Probleem 7: Gegeven q(x) = x/2, zoek het domein en het bereik van de functie.

Probleem 8: Controleer of de functie r(x) = sin (x) één-op-één is over het interval [0, π].

Probleem 9: Beschouw de functie s(x) = |x|. Is het een één-op-één-functie?

Probleem 10: Bepaal of de functie t(x) = 1/x één-op-één is en vind het domein ervan.

Eén-op-één-functies – Veelgestelde vragen

1. Wat is een één-op-één-functie?

Een één-op-één-functie is een wiskundige functie die elk element in zijn domein toewijst aan een uniek element in zijn codomein. Met andere woorden, het wijst niet twee verschillende elementen in het domein toe aan hetzelfde element in het codomein.

2. Hoe kan ik bepalen of een functie één-op-één is?

U kunt de horizontale lijntest gebruiken. Als geen enkele horizontale lijn de grafiek van de functie meer dan één keer snijdt, is er sprake van een één-op-één-functie.

3. Wat is het verschil tussen een één-op-één-functie en een aan-functie?

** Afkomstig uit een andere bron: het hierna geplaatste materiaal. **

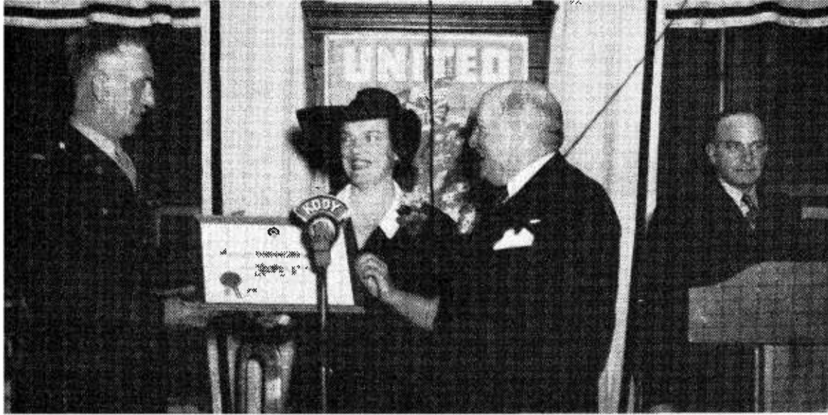
Within less than a week after it opened, Station KODY at North Platte set up a coast-to-coast hook-up, telling listeners of 142 NBC stations about North Platte's Service Men's Canteen. Photo shows principals during that broadcast.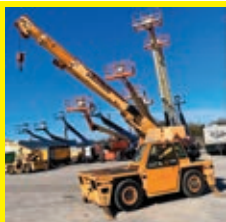
LOT 119: 2012 BRODERSON IC-80-3J SN:63695580 diesel engine, OROPS, 9 ton lifting capacity, 30ft. main boom, outriggers, 2,265 hours.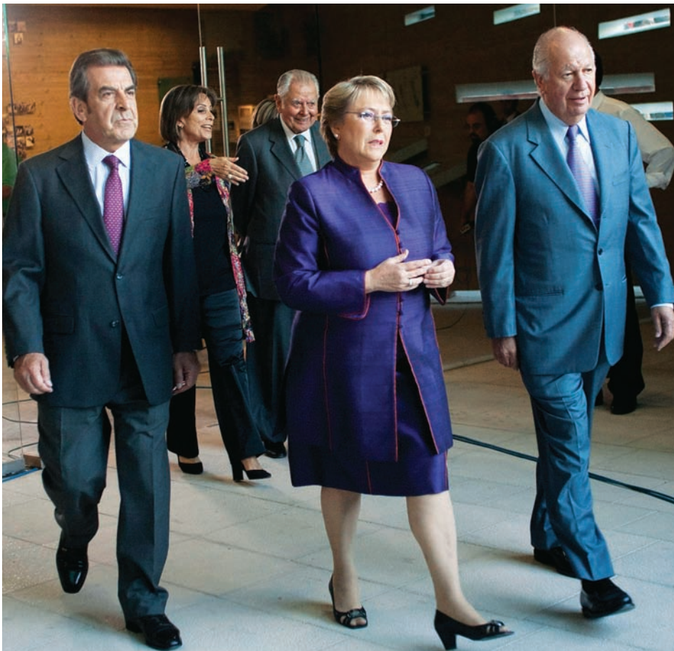
Foto tomada el día de la inauguración con los cuatro presidentes de la Concertación: Michelle Bachelet, Ricardo Lagos, Eduardo Frei y Patricio Aylwin.

En sus aulas se difunden conocimientos destinados a informar y estimular en los visitantes y, especialmente en los jóvenes, la reflexión sobre la importancia de la paz, las consecuencias de la intolerancia y la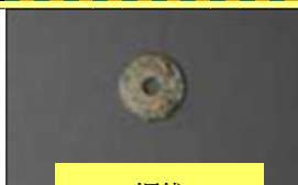
銅錢 Bronze coin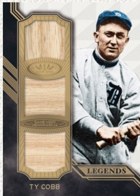
Tier One Legends Relic Card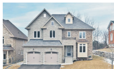
3,913 SQ.FT. CUSTOM EXECUTIVE HOME $1,150,000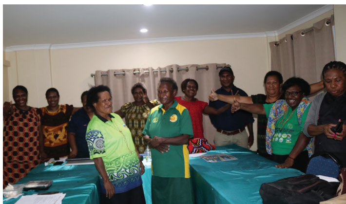
Women Presidents Meeting in Port Moresby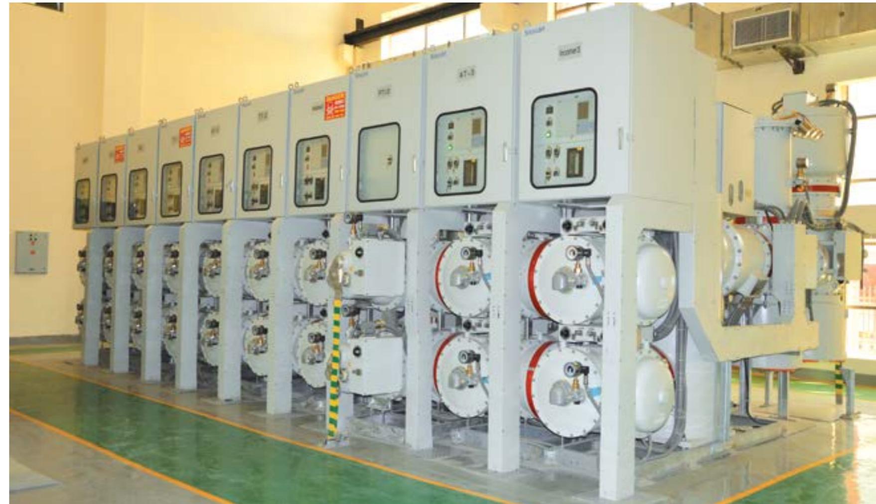
Receiving substation powering Lucknow Metro

With a track record of 32150 MW of Balance of Plant (E-BoP / I-BoP) services, L&T provides cost-effective one-stop solutions comprising supply, installation, testing and commissioning.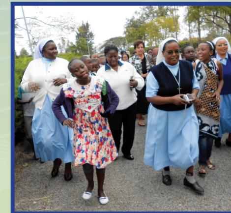
Evangelizing Sisters of Mary in Nairobi who support an HIV/AIDS program that supports vulnerable children and provides voluntary counseling.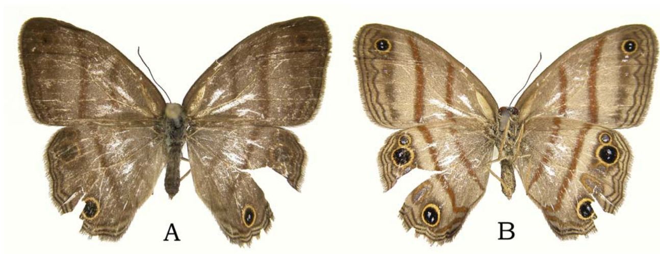
Figure 1. Female C. terrestris collected during the study (forewing length 16,48 mm). a) Dorsal; b) Ventral

The individual was collected on February 5 of 2005 in a canopy trap and was determined by using DeVries (1987). It is housed in the National Institute of Biodiversity (INBio) collection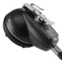
DS48A Gauge only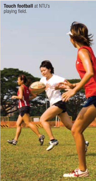
Touch football at NTU's playing field.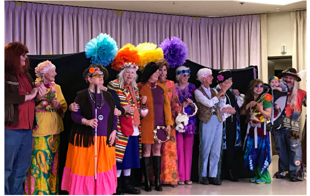
Special thanks to the Archbishop Riordan High School Drama Department for sharing their colorful fashions with us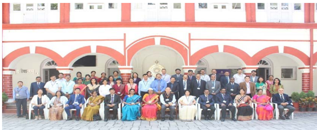
Group Photo of the Workshop on “Combating Violence Against Women and Children Conference on Gender Budgeting from 30 th July – 01 st August, 2018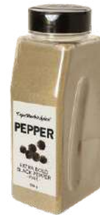
BLACK PEPPER FINE SHAKER 6 x 550g CAP196

Een één-op-één-functie zorgt ervoor dat geen twee afzonderlijke elementen in het domein worden toegewezen aan hetzelfde element in het codomein, terwijl een on-functie, ook wel surjectieve functie genoemd, ervoor zorgt dat elk element in het codomein wordt toegewezen door ten minste één element in het domein.

4. Zijn alle lineaire functies één-op-één?

Nee, niet alle lineaire functies zijn één-op-één. F(x) = 2x is bijvoorbeeld één-op-één, maar g(x) = 2x + 1 is dat niet omdat het twee verschillende x-waarden toewijst aan dezelfde y-waarde (bijvoorbeeld g(1) = 3 en g(2) = 5).